*Work instruction*:
A verbatim printing of the entries that follow is needed; pictures must not appear in it.

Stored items
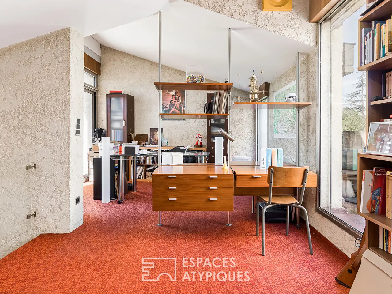 Located in Blagnac, a few kilometers from Toulouse, this house of approximately 240sqm stands out for its architecture. Designed in the 1970s by architect Michel Galavielle, it impresses with its style nestled in the heart of a naturally landscaped 950sqm garden, offering a privileged living environment. From the entrance, natural light and generous volumes capture the attention. The living space, flexible as desired, consists of a first reception area including a stainless steel kitchen, a dining room, and a living room in their natural extension. A laundry room / scullery completes this space. All the codes of avant-garde architecture of the 1970s are combined: as evidenced by the spectacular stainless steel 'conversation pit' around the fireplace, or the suspended concrete staircase that leads to a secondary living room, today used as a music space / office, overlooking the living room. The large openings onto the garden give the whole a bright and soothing atmosphere, a true meditative refuge. The sleeping area is spread over two levels. On the ground floor, two bedrooms each have their own shower room or bathroom. Upstairs, accessible by a second staircase, two other bedrooms also benefit from their own bathroom. A patio provides access to the office mentioned above. A full basement with a wine cellar completes this exceptional property in a sought-after area. Fenced land / Land suitable for a swimming pool Well Revised roof Covered parking for 3 vehicles Information on the risks to which this property is exposed is available on the Georisques website http://www.georisques.gouv.fr REF. 10853 Additional information * 10 rooms * 4 bedrooms * 4 bathrooms * 1 floor in the building * Outdoor space : 950 SQM * Parking : 3 parking spaces * Property tax : 4 675 € Energy Performance Certificate Primary energy consumption d : 158 kWh/m2.year High performance housing
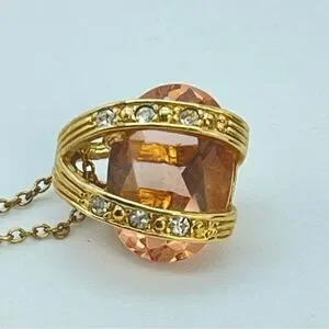 Keywords: necklace, simulated stone, citrine, crystal, rhinestones, gold tone, RMN, stamped, the Roman company, 9 inch necklace, pendant, orange, white, gold, costume jewelry, sparkle, bling, fashion jewelry, oval pendant, princess, queen, coquette girl, work, office, party, bridesmaid gift, wedding, guest gift, bridal, birthday, gift, sparkle, bling, well-made, quality, women’s, accessories, jewelry, preppy, Barbie core, minimalist, maximalist, neutral, summer, festival, formal, dressy
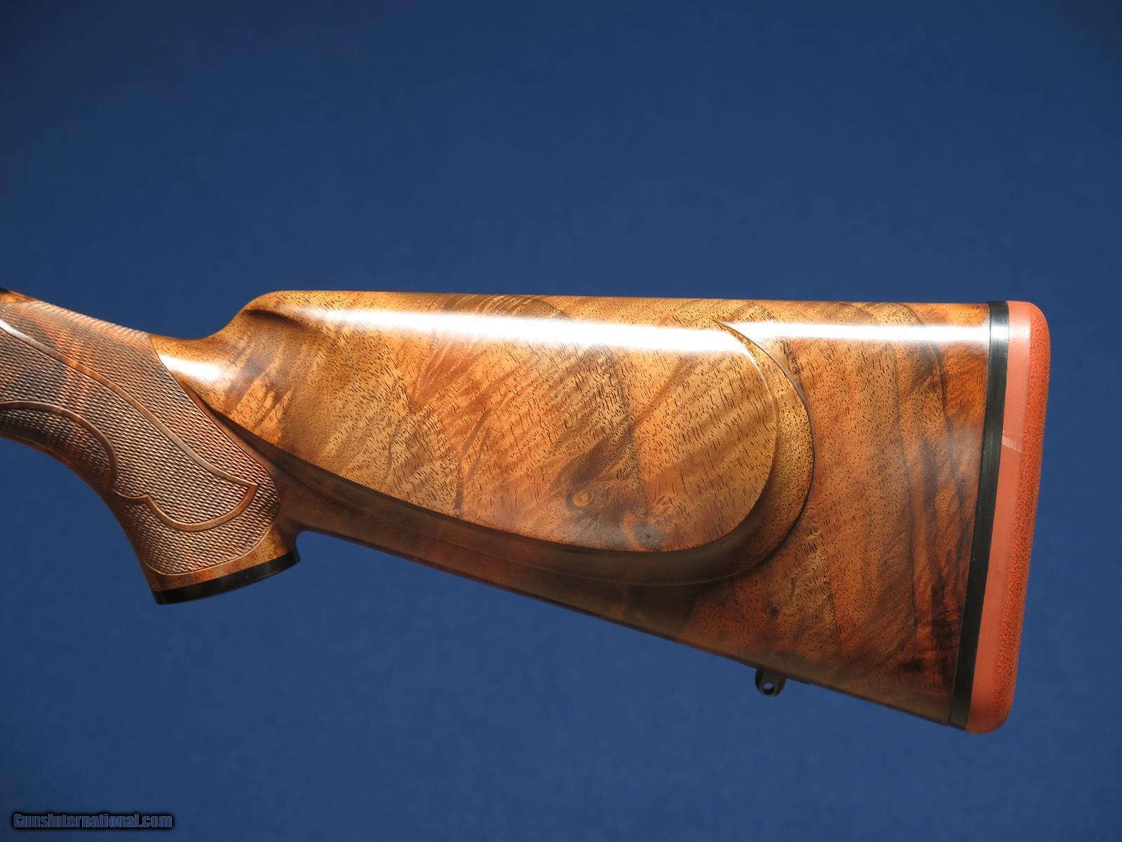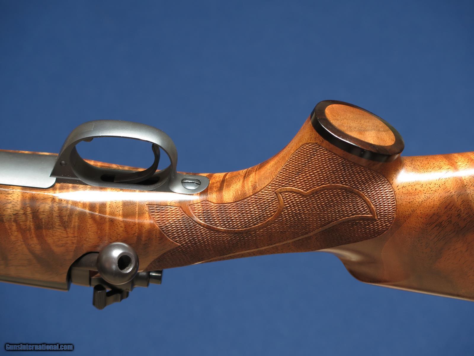 Description: Winchester 70 Custom Pre 64 220 Swift Varmint rifle. Beautiful custom stocked. Rosewood fore end and pistol grip cap. Kimber style swivels. Side cheek. Old English 3/4 pad. Trigger guard and floor plate replaced with inside trigger floor plate release. 98%. Excellent bore. SOLD |
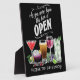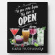 As you were hopin', this bar is open. Illustrated Open Bar sign ready to display with easel backing. Great for weddings or any function with an open bar. Gently reminds people to tip the bartender.
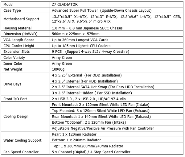 - کیس بزرگ و مستحکمZ7 Gladiator در سایز استاندارد Super Full-Tower طراحی و تولید شده است و دارای ابعاد بیرونی با ارتفاع 560 میلی متر و پهنای 225 میلی متر و عمق 575 میلی متر می باشد.
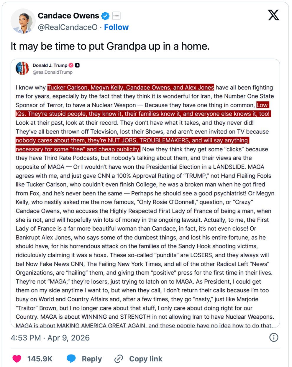 “I know why Tucker Carlson, Megyn Kelly, Candace Owens, and Alex Jones have all been fighting me for years, especially by the fact that they think it is wonderful for Iran, the Number One State Sponsor of Terror, to have a Nuclear Weapon — Because they have one thing in common, Low IQs,” Trump ranted.
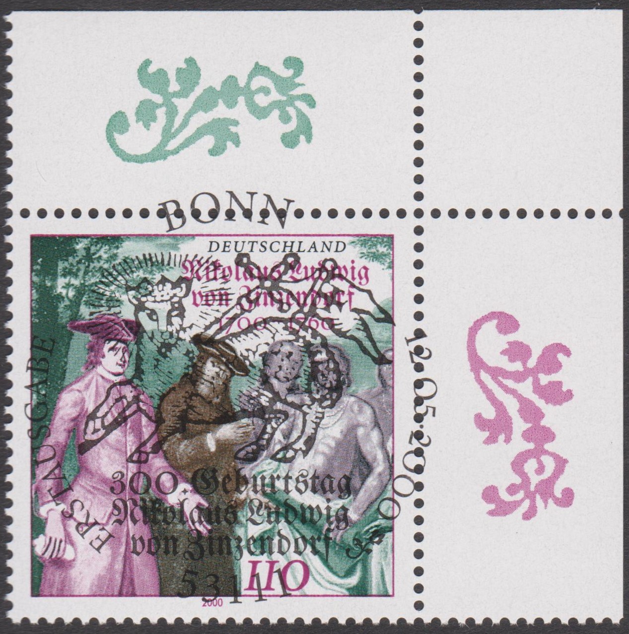 ZU seinem 300. Geburtstag erschien am 12.05.2000 dieses Sonderpostwertzeichen, hier auf ETB 23/2000 mit ESST BONN:
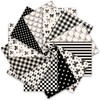 JarThenaAMCS 12Pcs Bow Cotton Fabric Bundles 18 x 22 Inch Plaid Dot Stripe Heart Bow Fat Quarters Black Milky White Sewing Fabrics for DIY Craft Party Decor
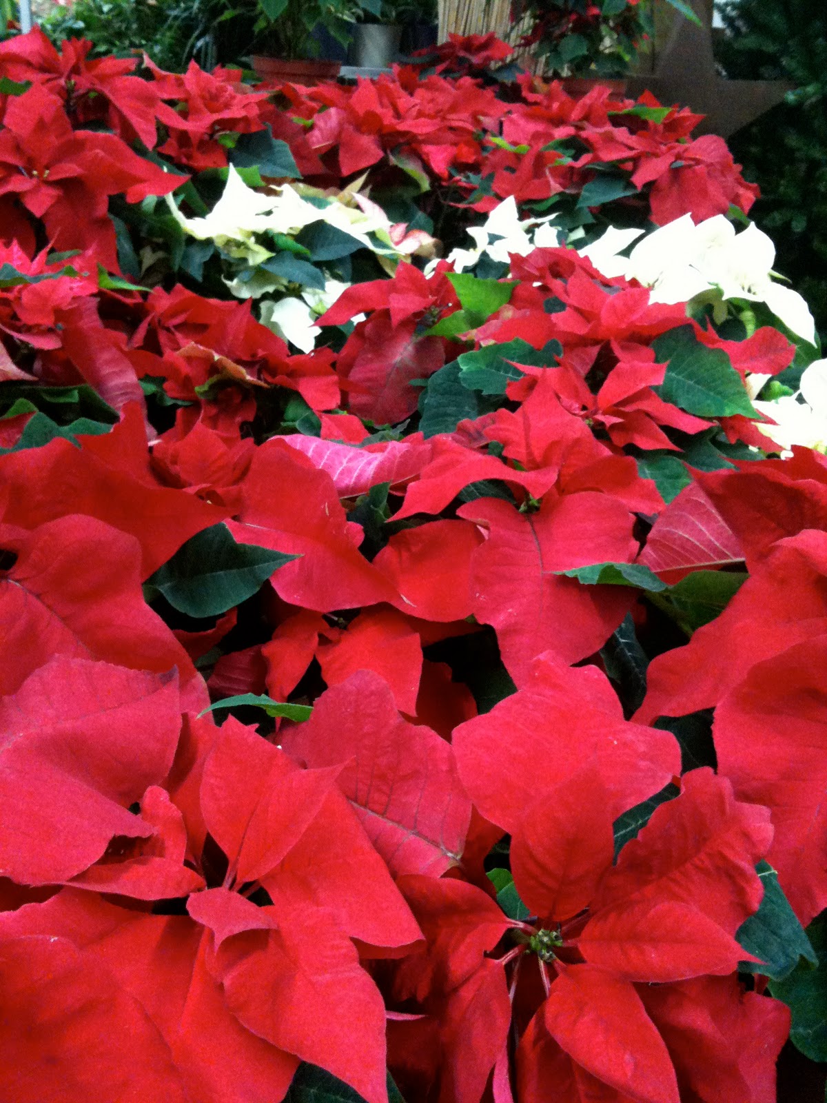 >Good morning, JB. Yes, this is a very festive holiday post; nothing quite like red poinsettias! Did you see the blue ones on Phoenix's blog a few days ago? Like these traditional ones much better.We DID get a blanket of snow last night but mercifully not as bad as predicted. Neighborhood is eerily quiet with few cars on the street. Driving will be daunting. Going to wend my way down to the neighborhood cafe for some latte, taking some photos as I walk. Just now through the window "in a room of my own" observing some poor motorist trying to manuever the hill to get to an intersection. Neither he nor the garbage truck in front of him will make it. Now they're backing up. Better to walk as I intend to do. Are you thrilled with my description of this winter wonderland?!
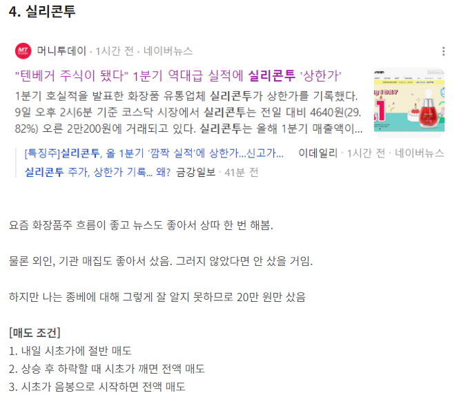 어제 매도 조건에 시초가 깨면 전액 매도로 써놓고 조금 성급했던 것 같음.
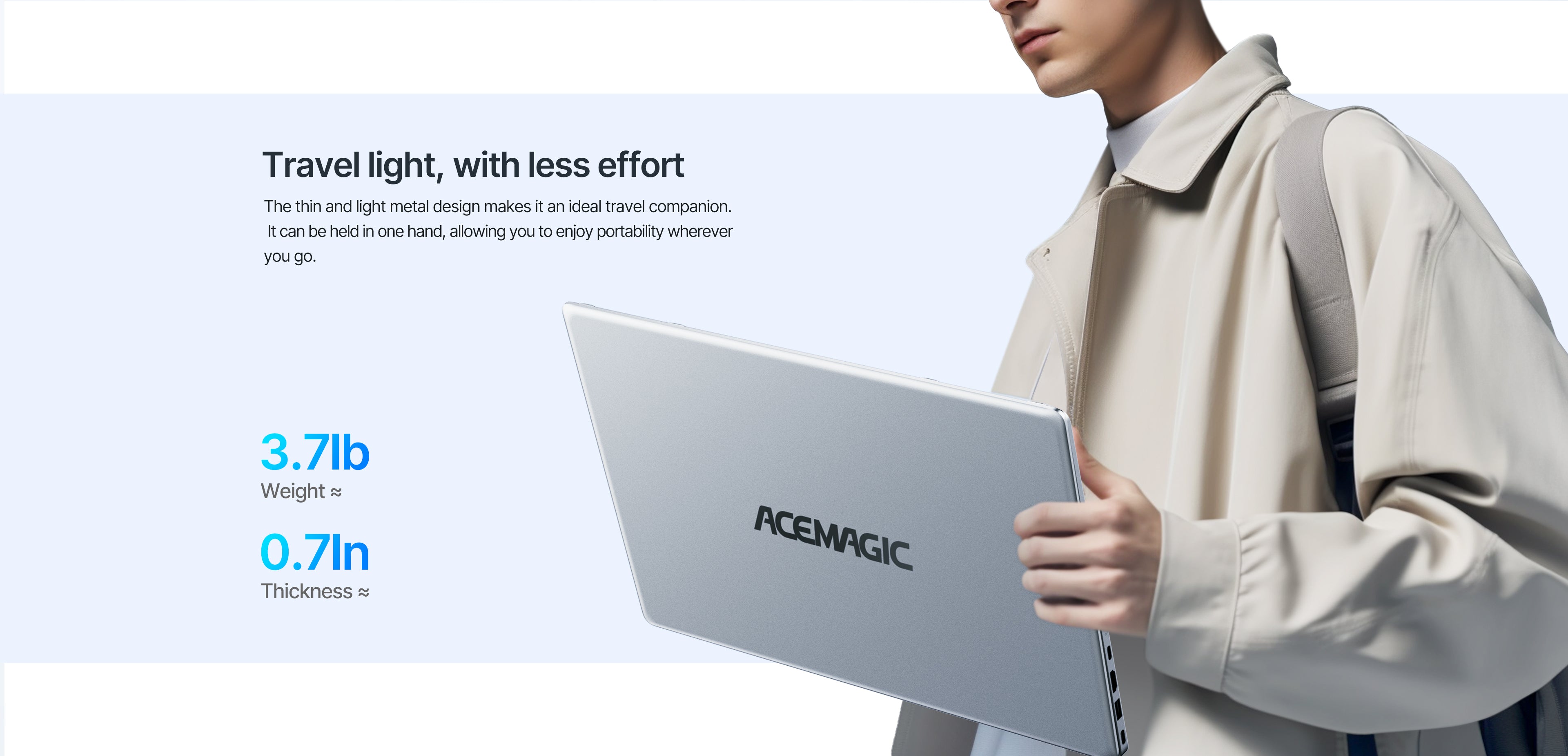 Với pin 38Wh, ACEMAGIC AX15 cho phép bạn sử dụng liên tục hơn 8 giờ, mang lại sự linh hoạt khi làm việc hoặc giải trí mà không lo hết pin giữa chừng. Trọng lượng chỉ 1.6kg và độ mỏng 0.66 inch, laptop này dễ dàng đút vào ba lô, lý tưởng cho những người thường xuyên di chuyển.
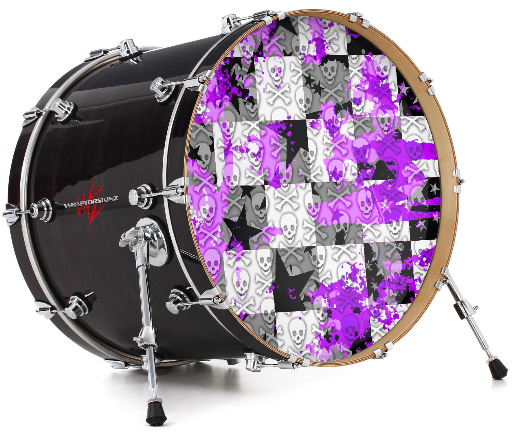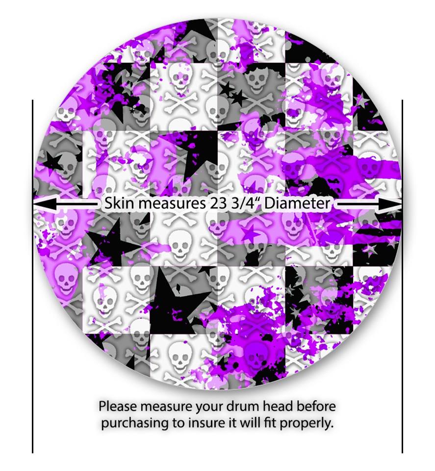 Decal Skin works with most 24" Bass Kick Drum Heads Purple Checker Skull Splatter - DRUM HEAD NOT INCLUDED

*Solved problem*:
 Located in Blagnac, a few kilometers from Toulouse, this house of approximately 240sqm stands out for its architecture. Designed in the 1970s by architect Michel Galavielle, it impresses with its style nestled in the heart of a naturally landscaped 950sqm garden, offering a privileged living environment. From the entrance, natural light and generous volumes capture the attention. The living space, flexible as desired, consists of a first reception area including a stainless steel kitchen, a dining room, and a living room in their natural extension. A laundry room / scullery completes this space. All the codes of avant-garde architecture of the 1970s are combined: as evidenced by the spectacular stainless steel 'conversation pit' around the fireplace, or the suspended concrete staircase that leads to a secondary living room, today used as a music space / office, overlooking the living room. The large openings onto the garden give the whole a bright and soothing atmosphere, a true meditative refuge. The sleeping area is spread over two levels. On the ground floor, two bedrooms each have their own shower room or bathroom. Upstairs, accessible by a second staircase, two other bedrooms also benefit from their own bathroom. A patio provides access to the office mentioned above. A full basement with a wine cellar completes this exceptional property in a sought-after area. Fenced land / Land suitable for a swimming pool Well Revised roof Covered parking for 3 vehicles Information on the risks to which this property is exposed is available on the Georisques website http://www.georisques.gouv.fr REF. 10853 Additional information * 10 rooms * 4 bedrooms * 4 bathrooms * 1 floor in the building * Outdoor space : 950 SQM * Parking : 3 parking spaces * Property tax : 4 675 € Energy Performance Certificate Primary energy consumption d : 158 kWh/m2.year High performance housing
 Keywords: necklace, simulated stone, citrine, crystal, rhinestones, gold tone, RMN, stamped, the Roman company, 9 inch necklace, pendant, orange, white, gold, costume jewelry, sparkle, bling, fashion jewelry, oval pendant, princess, queen, coquette girl, work, office, party, bridesmaid gift, wedding, guest gift, bridal, birthday, gift, sparkle, bling, well-made, quality, women’s, accessories, jewelry, preppy, Barbie core, minimalist, maximalist, neutral, summer, festival, formal, dressy
 Description: Winchester 70 Custom Pre 64 220 Swift Varmint rifle. Beautiful custom stocked. Rosewood fore end and pistol grip cap. Kimber style swivels. Side cheek. Old English 3/4 pad. Trigger guard and floor plate replaced with inside trigger floor plate release. 98%. Excellent bore. SOLD |
 As you were hopin', this bar is open. Illustrated Open Bar sign ready to display with easel backing. Great for weddings or any function with an open bar. Gently reminds people to tip the bartender.
 - کیس بزرگ و مستحکمZ7 Gladiator در سایز استاندارد Super Full-Tower طراحی و تولید شده است و دارای ابعاد بیرونی با ارتفاع 560 میلی متر و پهنای 225 میلی متر و عمق 575 میلی متر می باشد.
 “I know why Tucker Carlson, Megyn Kelly, Candace Owens, and Alex Jones have all been fighting me for years, especially by the fact that they think it is wonderful for Iran, the Number One State Sponsor of Terror, to have a Nuclear Weapon — Because they have one thing in common, Low IQs,” Trump ranted.
 ZU seinem 300. Geburtstag erschien am 12.05.2000 dieses Sonderpostwertzeichen, hier auf ETB 23/2000 mit ESST BONN:
 JarThenaAMCS 12Pcs Bow Cotton Fabric Bundles 18 x 22 Inch Plaid Dot Stripe Heart Bow Fat Quarters Black Milky White Sewing Fabrics for DIY Craft Party Decor
 >Good morning, JB. Yes, this is a very festive holiday post; nothing quite like red poinsettias! Did you see the blue ones on Phoenix's blog a few days ago? Like these traditional ones much better.We DID get a blanket of snow last night but mercifully not as bad as predicted. Neighborhood is eerily quiet with few cars on the street. Driving will be daunting. Going to wend my way down to the neighborhood cafe for some latte, taking some photos as I walk. Just now through the window "in a room of my own" observing some poor motorist trying to manuever the hill to get to an intersection. Neither he nor the garbage truck in front of him will make it. Now they're backing up. Better to walk as I intend to do. Are you thrilled with my description of this winter wonderland?!
 어제 매도 조건에 시초가 깨면 전액 매도로 써놓고 조금 성급했던 것 같음.
 Với pin 38Wh, ACEMAGIC AX15 cho phép bạn sử dụng liên tục hơn 8 giờ, mang lại sự linh hoạt khi làm việc hoặc giải trí mà không lo hết pin giữa chừng. Trọng lượng chỉ 1.6kg và độ mỏng 0.66 inch, laptop này dễ dàng đút vào ba lô, lý tưởng cho những người thường xuyên di chuyển.
 Decal Skin works with most 24" Bass Kick Drum Heads Purple Checker Skull Splatter - DRUM HEAD NOT INCLUDED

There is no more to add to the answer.